Dorothy Walcott Weeks (May 3, 1893 – June 4, 1990) was an American mathematician and physicist. Weeks was born in Philadelphia, Pennsylvania. She earned degrees from Wellesley College, the Massachusetts Institute of Technology, and Simmons College. Weeks was the first woman to receive a PhD in Mathematics from the Massachusetts Institute of Technology.

Early life 
Dorothy Walcott Weeks was born on May 3, 1893 in Philadelphia, Pennsylvania to Mary (nee Walcott) and Edward Mitchell Weeks, an engraver. Weeks was the second of three children, born after her older brother and before her younger sister Ruth.

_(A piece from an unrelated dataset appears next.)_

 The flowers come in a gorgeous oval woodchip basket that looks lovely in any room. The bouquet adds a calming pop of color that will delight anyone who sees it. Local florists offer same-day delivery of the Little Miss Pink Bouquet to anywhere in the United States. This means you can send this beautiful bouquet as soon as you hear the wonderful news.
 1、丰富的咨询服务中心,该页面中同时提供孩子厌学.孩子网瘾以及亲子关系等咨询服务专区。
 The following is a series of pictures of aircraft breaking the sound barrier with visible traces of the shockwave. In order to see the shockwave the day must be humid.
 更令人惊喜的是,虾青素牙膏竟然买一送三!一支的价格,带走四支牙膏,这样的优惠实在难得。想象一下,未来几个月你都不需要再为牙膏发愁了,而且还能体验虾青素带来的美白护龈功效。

The family moved in 1900 from Cheltenham to Washington, DC, where Weeks studied at Western High School.

Education 
Weeks graduated Phi Beta Kappa from Wellesley College in 1916. After graduation, Weeks went on to work as a teacher, a statistical clerk, and an assistant at the National Bureau of Standards. In 1917 she the third woman to work as a patent examiner at the US Patent Office. 

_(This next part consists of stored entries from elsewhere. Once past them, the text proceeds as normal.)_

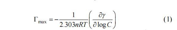 空氣/水界面吸附的有效測(cè)量方法是通過(guò)表面過(guò)剩量,Γmax(mol?m-2),通過(guò)吉布斯吸附方程計(jì)算[27]: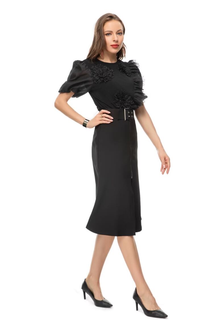 秋レディースセットシャツトップスブラックハーフスカート職場スーツ レース オータム 秋物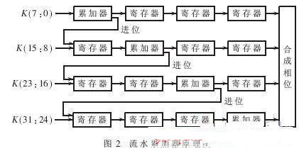 在用FPGA設(shè)計DDS電路時,相位累加器是決定DDS電路性能的一個關(guān)鍵部分。為使輸出波形具有較高的分辨率,本系統(tǒng)采用32位累加器。但若直接用32位加法器構(gòu)成累加器,則加法器的延時會大大限制累加器的操作速度。因此,這里引入了流水線算法,即采用4個8位累加器級聯(lián)結(jié)構(gòu),每級用一個8位累加器實現(xiàn)該部分相位相加,然后將進位值傳給下一級做進一步累加。這樣可大幅提高系統(tǒng)的工作速度。但由于累加器是一個閉環(huán)反饋電路,因此必須使用寄存器,以保證系統(tǒng)的同步、準確運行。具體實現(xiàn)如圖2所示。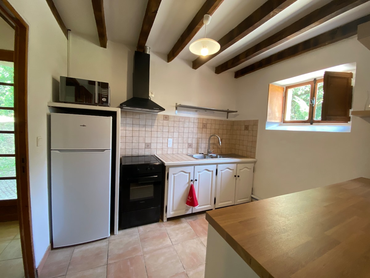 Bienvenido a Le Fenil, acogedora casa T3 de 75 m² en el corazón de una finca privada de 9 hectáreas, en la campiña de Gers. Pequeño jardín con vistas a un roble centenario y a la capilla de Pis. 2 dormitorios (cama doble) cada uno con baño, uno de ellos con una pequeña sala de estar y TV. Salón con sofá y TV conectada, cocina equipada, wifi, ropa de cama incluida y venta de productos locales. Ideal para una estancia tranquila en pareja o en familia. Animales bienvenidos. Aparcamiento libre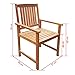 Color: Brown,Material: Solid acacia wood,Dimensions: 22.4" x 23.6" x 36.2" (W x D x H),Seat width and depth: 18.8",Seat height from the ground: 17.3",Armrest height from the ground: 24.4",Easy assembly,Delivery includes 2 chairs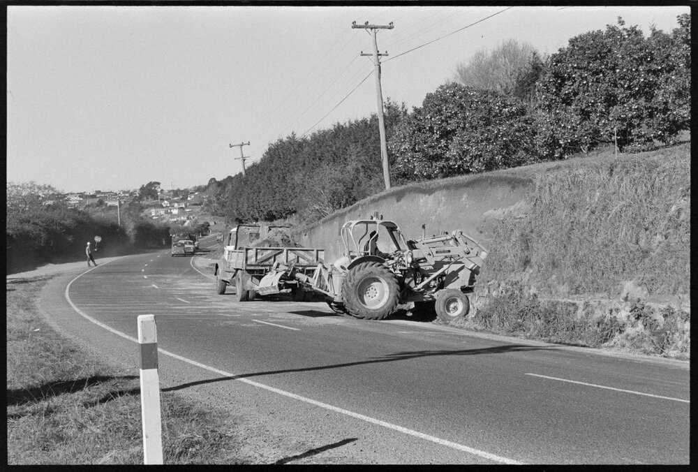Ministry of Works cutting back a bank on a corner of State Highway 2.

In 1920 Weeks worked as a lecturer at the Massachusetts Institute of Technology and earned a Master's degree in physics from that same institution in 1923. In 1924 she obtained a second master's degree, from the Prince School of Business at Simmons College, and became an employment supervisor for Jordan Marsh, the Boston department store. But by 1928, she had returned to academia, teaching physics at Wellesley College while working on her doctorate at the Massachusetts Institute of Technology.

In 1930, Weeks completed a PhD in theoretical physics from the mathematics department at the Massachusetts Institute of Technology. Her dissertation work was guided by Norbert Wiener and published in the Journal of Mathematics and Physics.

Career 
Following completion of graduate studies, Weeks developed and led the physics department at Wilson College in Chambersburg, Pennsylvania from 1930-1956. Weeks left Wilson on sabbatical from 1943 to 1945, when she worked as a technical aide at the Office of Scientific Research and Development. Later, in 1949–50, Weeks was a Guggenheim Fellow at the Massachusetts Institute of Technology. While at Wilson in the 1940s, Weeks organized six summer sessions in which undergraduate women traveled to the Massachusetts Institute of Technology to work with George R. Harrison in the spectroscopy laboratory on compiling wavelength tables. Harrison referred to this as the "Charm School." Among the undergraduate students who participated was Katherine Sopka.

From 1956 through 1964, Weeks was a physicist at the Watertown Arsenal and the technical representative for the Committee on Radioactive Shielding. In 1964, she worked for the NASA supported Solar Satellite Project at the Harvard College Observatory. From 1966 to 1971 Weeks worked as a lecturer in physics at the Newton College of the Sacred Heart. She would continue to work at Harvard as a spectroscopist, studying solar satellites at the Harvard College Observatory until she retired in 1976 at the age of eighty-three.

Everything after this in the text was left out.